Quando si vivono situazioni di disagio e crisi, si cerca sempre un colpevole, un bersaglio, un capro espiatorio. All’inizio erano i cinesi. Poi a un certo punto, sono riemersi miti atavici di odio sopito e a farne le spese sono stati anche gli ebrei. L’uso dei social aggrava il fenomeno: tutto oggi passa dal web. Ma dal web si veicolano anche messaggi positivi.
È possibile punire gli haters “da tastiera”?
In gran parte devo dire che si resta purtroppo impuniti. Gli attacchi devono diventare veramente eclatanti per poter perseguire gli esecutori. Talvolta capita addirittura che le vittime stesse possono diventare colpevoli. Non sarei così ottimista. Però, attenzione: c’è un cambiamento che sta avvenendo, soprattutto a livello delle grandi piattaforme che hanno cominciato a rendersi conto che il web non può diventare quella immensa prateria in cui tutti possono dire tutto. C’è quindi una certa coscienza e responsabilità.
Quale messaggio si sente di lanciare per il Giorno della Memoria?

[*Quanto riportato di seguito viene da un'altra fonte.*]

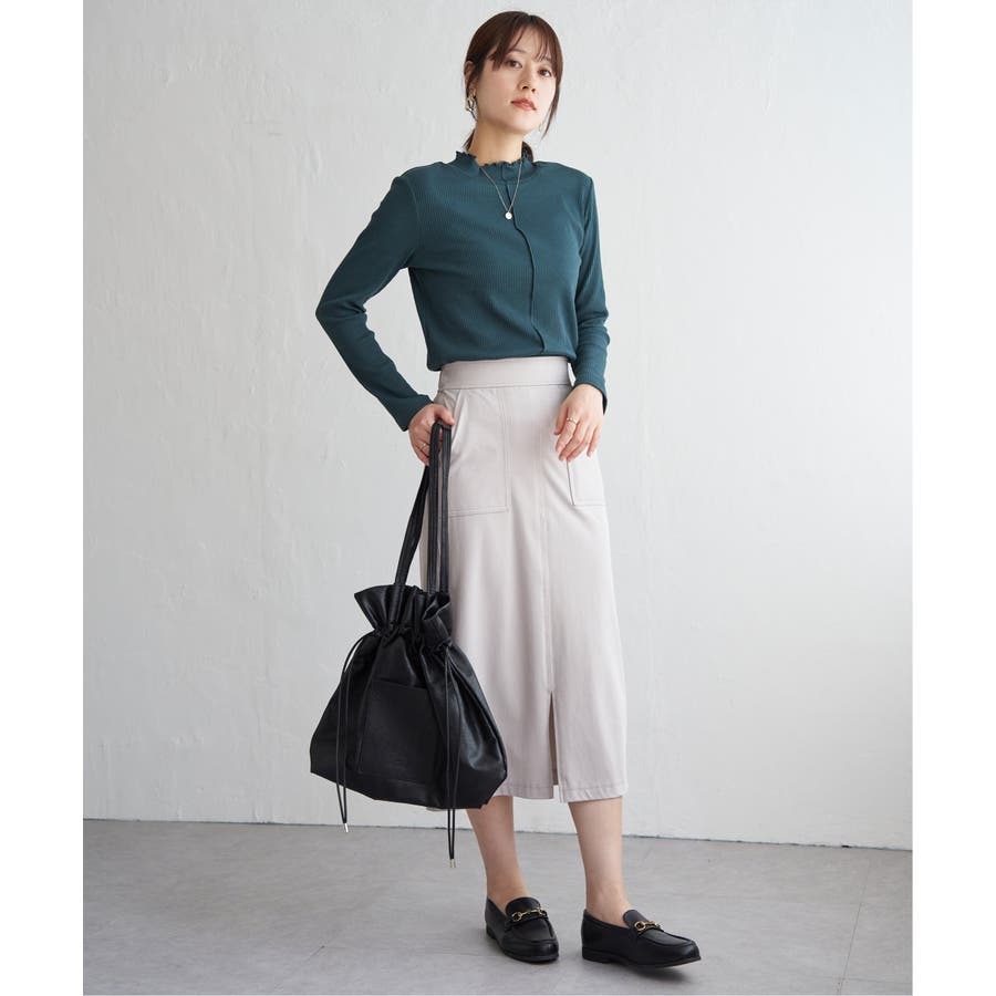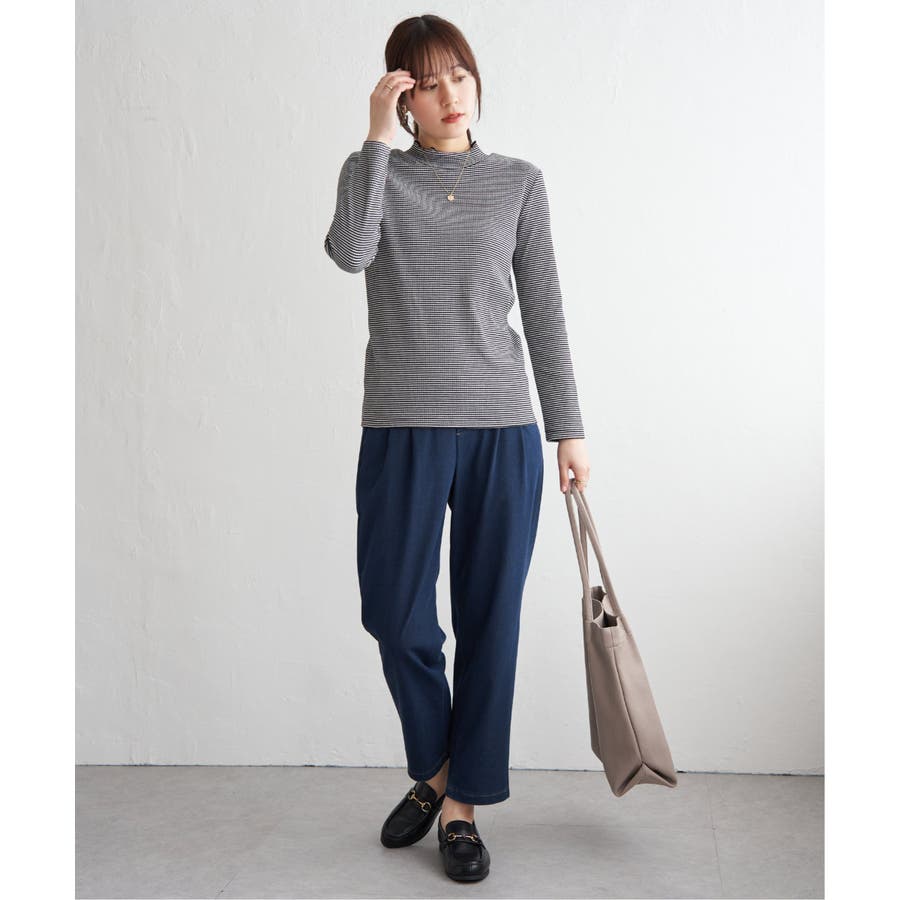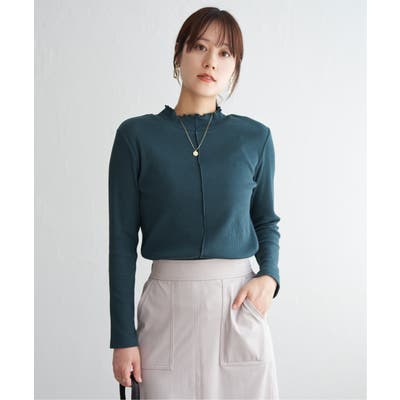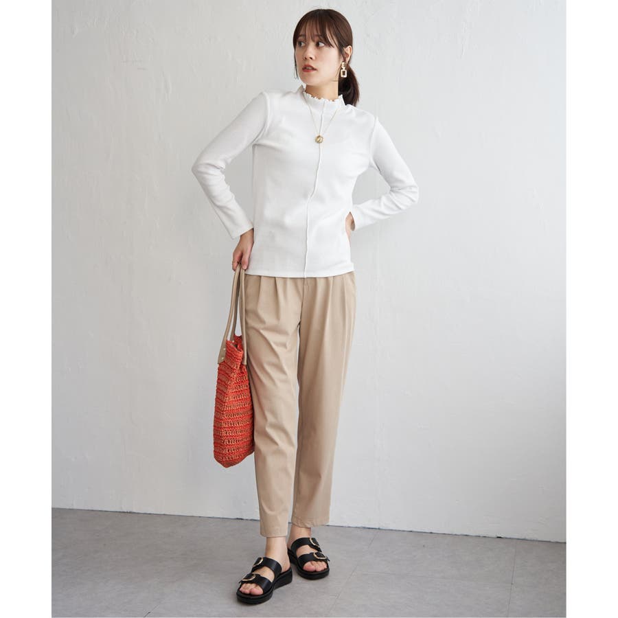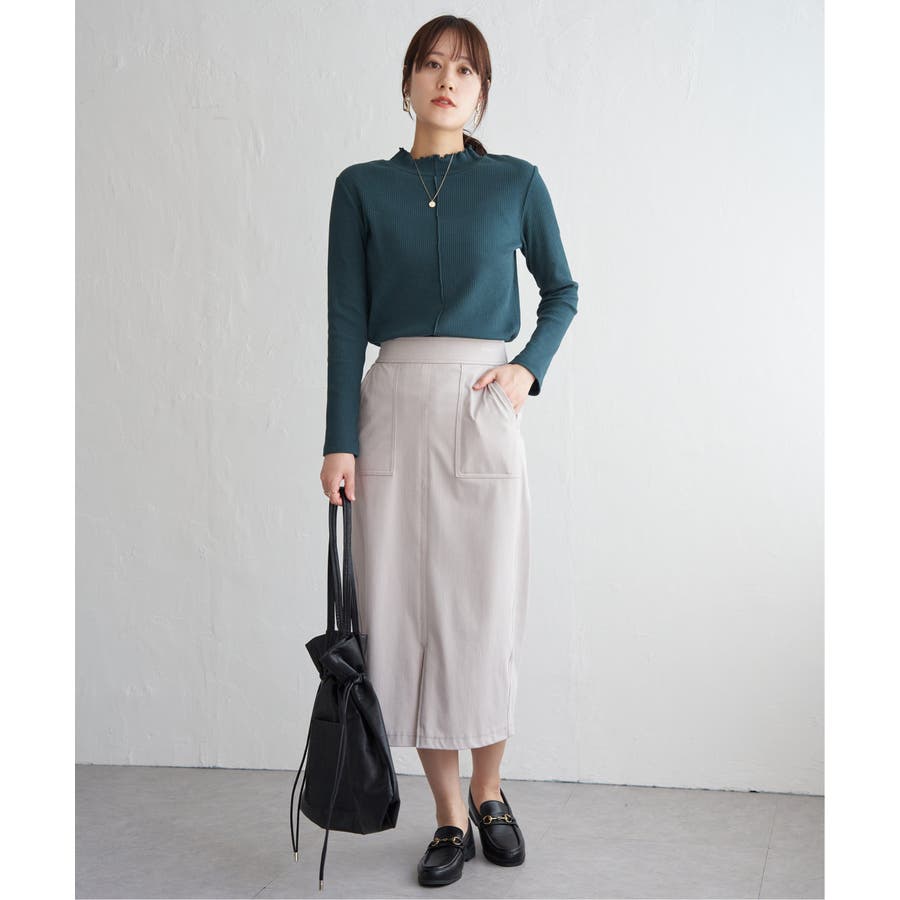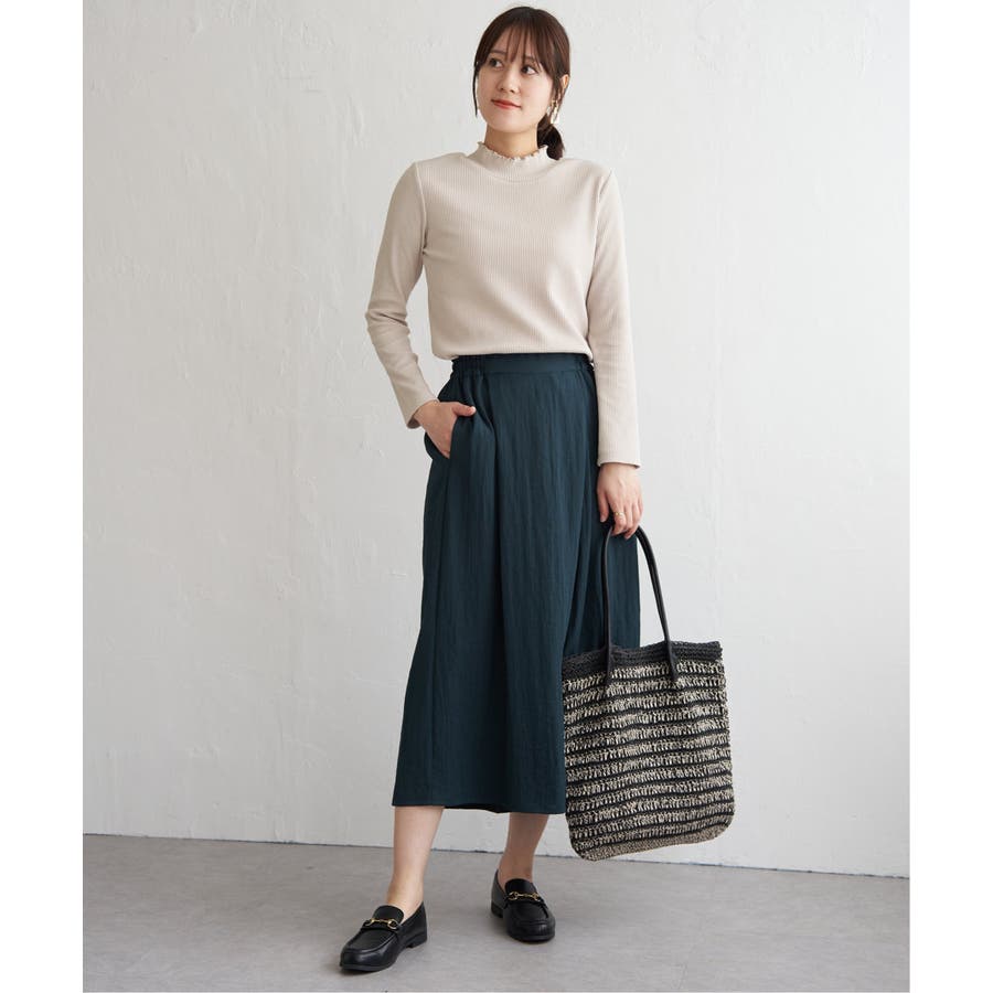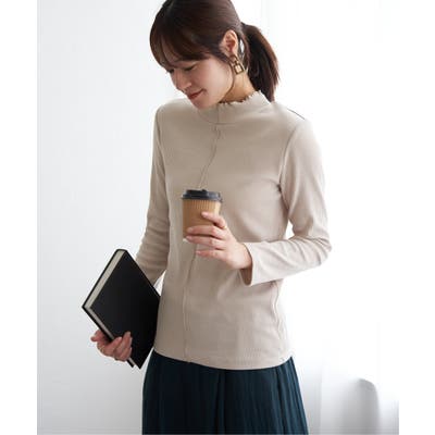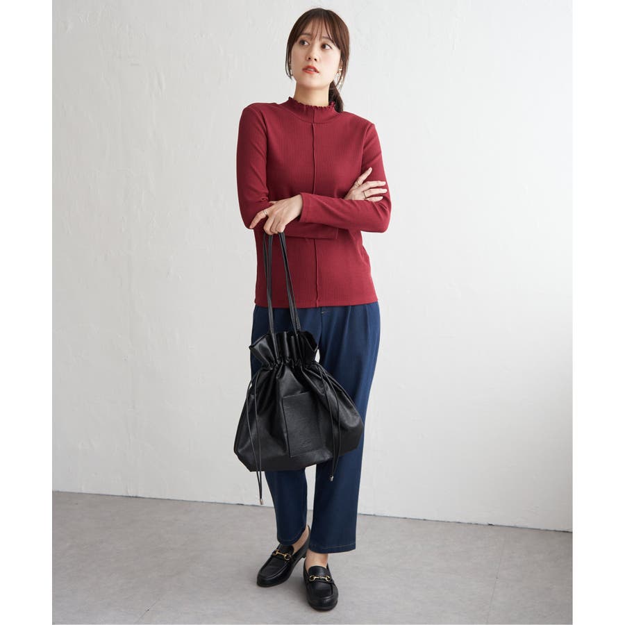 表情のあるテレコ素材を使用した、前後2WAYで楽しめるハイネックプルオーバー。
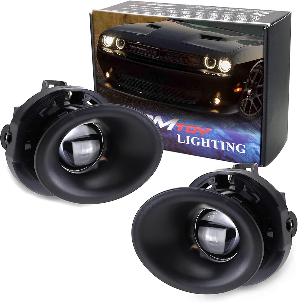 مجموعة مصابيح الضباب ذات العدسات الشفافة من iJDMTOY مع مصابيح هالوجين 9145، وأغطية الإطار، وأسلاك التتابع والتبديل المتوافقة مع دودج تشالنجر 2015-2023
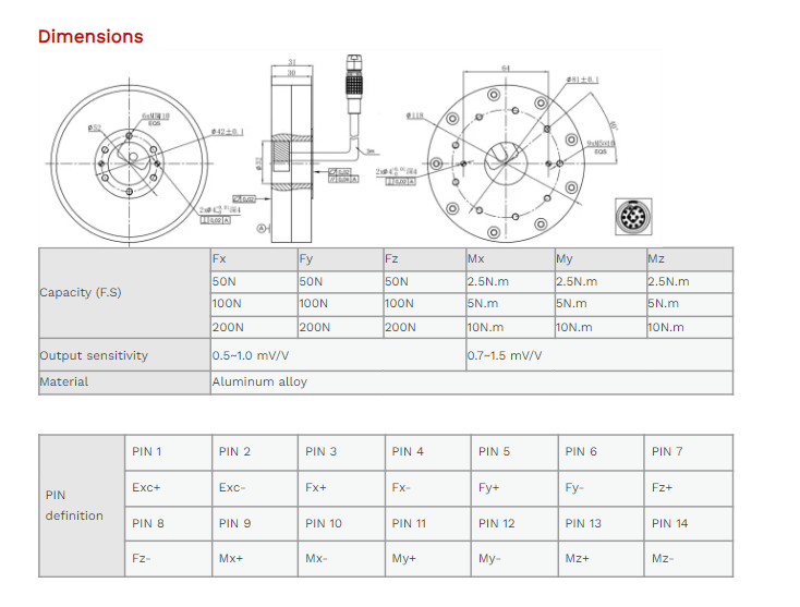 XJCSENSOR X-6A-D118-H31 6 Axis Force/torque Sensor (50N~200N) | EMIN.COM.LA
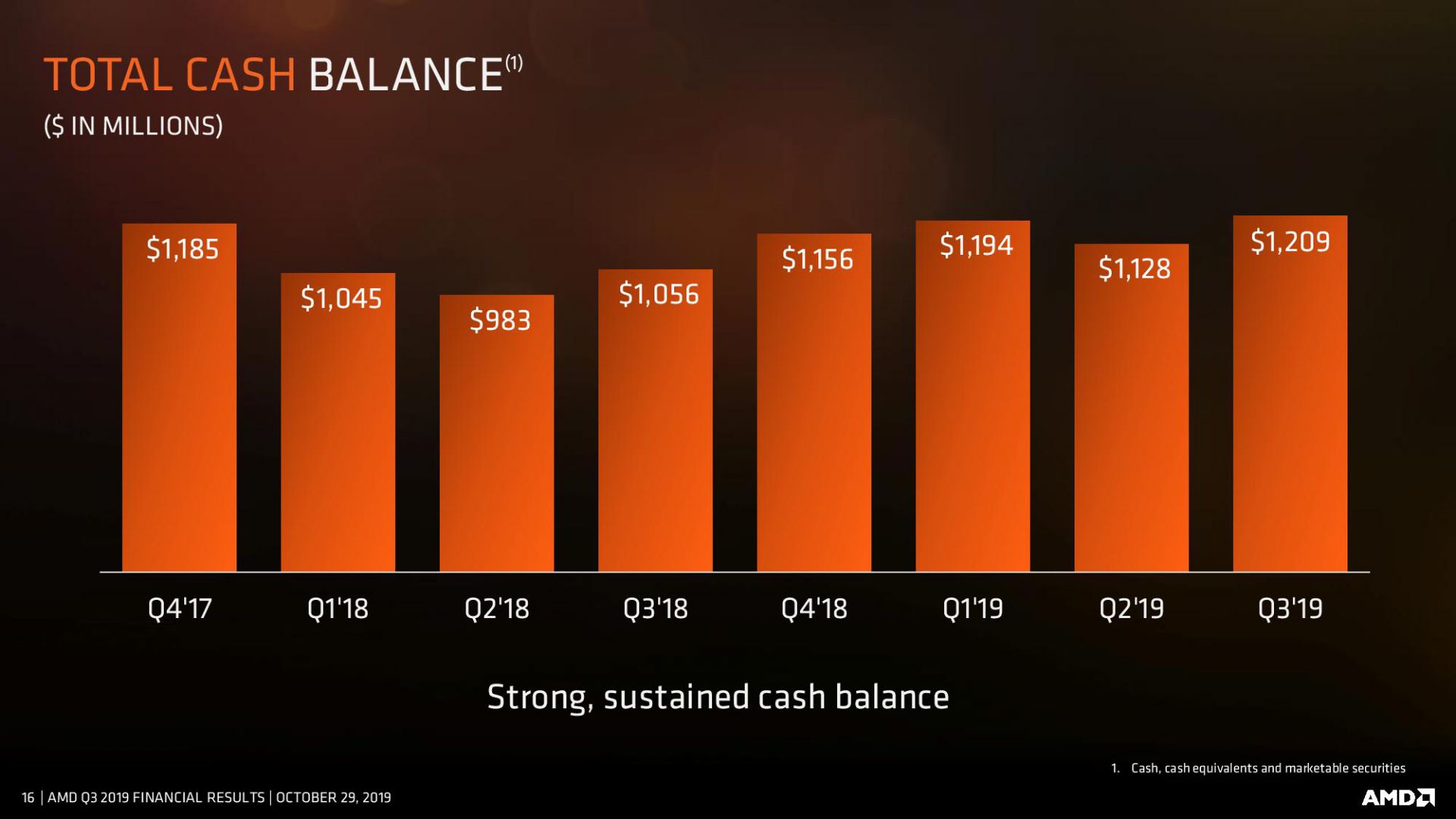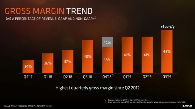 این تراشهساز در سه ماهه اخیر موفق به کسب بالاترین درآمد از سال 2005 به واسطه بیشترین فروش تراشه کامپیوترهای شخصی از سال 2011 شده است. مجموعا AMD در سه ماهه سوم سال 2019 رکورد درآمد 1.8 میلیارد دلاری را به ثبت رسانده که نسبت به سال قبل افزایش 9 درصدی و نسبت به سه ماهه پیشین رشد 18 درصدی را تجربه کرده است.
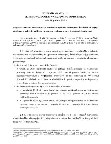 UCHWAŁA NR XV/311/15 SEJMIKU WOJEWÓDZTWA KUJAWSKO-POMORSKIEGO z dnia 21 grudnia 2015 r. w sprawie ustalenia stawek dotacji przedmiotowych dla operatorów świadczących usługi publiczne w zakresie publicznego transportu zbiorowego w transporcie kolejowym Na podstawie art. 18 pkt 20 ustawy z dnia 5 czerwca 1998 r. o samorządzie województwa (Dz. U. z 2015 r. poz. 1392 z późn. zm. 1) oraz art. 219 ust. 2 i 4 ustawy z dnia 27 sierpnia 2009 r. o finansach publicznych (Dz. U. z 2013 r. poz. 885 z późn. zm. 2), uchwala się, co następuje: § 1. Ustala się jednostkowe stawki dotacji przedmiotowych obowiązujące w zakresie wyliczenia kwot dotacji należnej dla operatorów kolejowych, świadczących usługi publiczne w zakresie regionalnych kolejowych przewozów osób, na obszarze województwa kujawskopomorskiego: 1) dla Arriva RP Sp. z o.o. z siedzibą w Toruniu: w wysokości 20,14 zł (kwota brutto) do jednego pociągokilometra za realizowane przewozy osób w okresie od 1 stycznia 2016 r. do 31 grudnia 2016 r. na liniach niezelektryfikowanych z wyłączeniem przewozów na linii kolejowej nr 207 Toruń Wschodni – Malbork na odcinku od Grudziądza do granicy województwa kujawskopomorskiego z województwem pomorskim; 2) dla Przewozy Regionalne Sp. z o.o. z siedzibą w Warszawie: a) w wysokości 13,11 zł (kwota brutto) do jednego pociągokilometra za realizowane przewozy osób w okresie od 13 grudnia 2015 r. do 31 grudnia 2015 r. na liniach zelektryfikowanych, b) w wysokości 13,77 zł (kwota brutto) do jednego pociągokilometra za realizowane przewozy osób w okresie od 1 stycznia 2016 r. do 10 grudnia 2016 r. na liniach zelektryfikowanych. § 2. 1. Jednostkowe stawki podstawowe określone w § 1 pkt 1 ulegają zwiększeniu o dodatkową stawkę dopłaty do pociągokilometra, ustalaną w zależności od kategorii linii kolejowej i rodzaju pociągu. 1 Zmiany tekstu jednolitego wymienionej ustawy zostały ogłoszone w Dz. U. z 2015 r., poz. 1890. Zmiany tekstu jednolitego wymienionej ustawy zostały ogłoszone w Dz. U. z 2013 r., poz. 938 i poz. 1646, z 2014, poz. 379, poz. 911, poz. 1146, poz. 1626 i poz. 1877 oraz z 2015 r., poz.238, poz. 532, poz. 1117, poz.1130, poz.1190, poz.1358 i poz.1513. 2 2. Dodatkowa stawka dopłaty do pociągokilometra stanowi równowartość stawki jednostkowej opłaty podstawowej za minimalny dostęp do infrastruktury kolejowej ustalanej przez zarządcę infrastruktury kolejowej. § 3. Wykonanie uchwały powierza się Zarządowi Województwa KujawskoPomorskiego. § 4. Uchwała wchodzi w życie z dniem podjęcia. UZASADNIENIE 1. Przedmiot regulacji: Uchwała w sprawie ustalenia stawek dotacji przedmiotowych do świadczonych usług publicznych w zakresie regionalnych przewozów osób w związku z koniecznością określenia wysokości stawek dopłat do jednego pociągokilometra za przewozy osób pociągami na obszarze województwa kujawsko-pomorskiego w 2016 r. 2. Podstawa prawna: Na podstawie art. 18 pkt 20 ustawy z dnia 5 czerwca 1998 r. o samorządzie województwa do wyłącznej właściwości Sejmiku Województwa należy podejmowanie uchwał w sprawach zastrzeżonych ustawami i statutem województwa do kompetencji sejmiku województwa. Zgodnie z art. 14 ust 1 pkt 10 wskazanej powyżej ustawy Samorząd województwa wykonuje w zakresie transportu zbiorowego zadania o charakterze wojewódzkim określone ustawami. Zgodnie z art. 219 ust. 2 i 4 ustawy z dnia 27 sierpnia 2009 r. o finansach publicznych, z budżetu jednostki samorządu terytorialnego mogą być udzielane dotacje przedmiotowe innym podmiotom, o ile tak stanowią odrębne przepisy. Stawki dotacji przedmiotowych ustala organ stanowiący jednostki samorządu terytorialnego. Niniejsza uchwała nie narusza przepisów rozporządzenia (WE) Nr 1370/2007 Parlamentu Europejskiego i Rady z dnia 23 października 2007 r. dotyczącego usług publicznych w zakresie kolejowego i drogowego transportu pasażerskiego oraz uchylające rozporządzenia Rady (EWG) nr 1191/69 i (EWG) nr 1107/70. 3. Konsultacje wymagane przepisami prawa: Zgodnie z istniejącym stanem prawnym nie ma konieczności skierowania projektu uchwały do konsultacji. Projekt uchwały wymaga przedłożenia właściwym Komisjom Sejmiku Województwa w celu zaopiniowania. 4. Uzasadnienie merytoryczne: W myśl ustawy z dnia 16 grudnia 2010 r. o publicznym transporcie zbiorowym organizatorem publicznego transportu zbiorowego na linii komunikacyjnej lub sieci komunikacyjnej w wojewódzkich przewozach pasażerskich, w tym połączeń na liniach kolejowych, jest Województwo. W roku 2010 Zarząd Województwa w wyniku przeprowadzonego w trybie przetargu nieograniczonego postepowania o zamówienie publiczne na świadczenie usług publicznych w zakresie kolejowych przewozów pasażerskich na terenie województwa kujawskopomorskiego dla części dotyczącej przewozów osób pociągami na liniach niezelektryfikowanych dokonał wyboru operatora kolejowego Arriva RP Sp. z o.o., który złożył ofertę z wysokością stawki podstawowej dopłaty do pociągokilometra 17,99 zł (brutto). Zgodnie z umową o świadczenie usług publicznych w zakresie kolejowych przewozów pasażerskich na terenie województwa kujawsko-pomorskiego, zawartą z Arriva RP Sp. z o. o. na okres 10 lat, tj. od 12 grudnia 2010 r. do 12 grudnia 2020 r., podstawowa stawka dopłaty do pociągokilometra podlega waloryzacji z dniem 1 stycznia każdego roku, o roczny wskaźnik cen towarów i usług konsumpcyjnych ogłoszony przez Główny Urząd Statystyczny w roku poprzednim. W związku z powyższym, obowiązująca w 2015 roku jednostkowa stawka podstawowa z dniem 1 stycznia 2016 r. zostaje zwaloryzowana o wskaźnik inflacji dla roku 2014 wynoszący 0,0 %. Dotację dla Przewozy Regionalne Sp. z o. o., operatora, któremu zadanie przewozowe zostało powierzone w drodze bezpośredniego zlecenia, ustala się w oparciu o wykonaną pracę eksploatacyjną w kwocie 13,11 zł za jeden pociągokilometr w
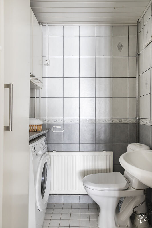 Varustus: pesukone, pesukoneliitäntä, peilikaappi
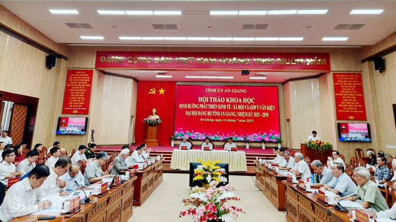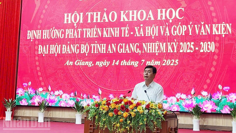Ngày 14/7, Tỉnh ủy An Giang tổ chức Hội thảo khoa học định hướng phát triển kinh tế-xã hội và góp ý văn kiện Đại hội Đảng bộ tỉnh An Giang, nhiệm kỳ 2025-2030. Đồng chí Lê Minh Hoan, Ủy viên Trung ương Đảng, Phó Chủ tịch Quốc hội dự Hội thảo.

Dico una cosa che al momento attuale di distanziamento sociale può suonare paradossale. Spero che ci si possa sempre più e sempre meglio guardare negli occhi. Perché se ci si guarda in faccia, diventa più naturale controllare il linguaggio, lo scherzo, lo stereotipo, il pregiudizio. Oggi ci chiediamo come siano stati possibili la Shoah, i bambini bruciati, la disumanità dei campi di concentramento. È stato possibile perché quell’orrore era l’esito di un processo di esclusione e propaganda a lungo preparato. Ed è stato possibile perché la gente non vedeva il male, era qualcosa di lontano. Ecco, la vicinanza ci permette di capire quello che papa Francesco proprio in questi mesi ci sta ripetendo e cioè che tutti, nessuno escluso, siamo sulla stessa barca.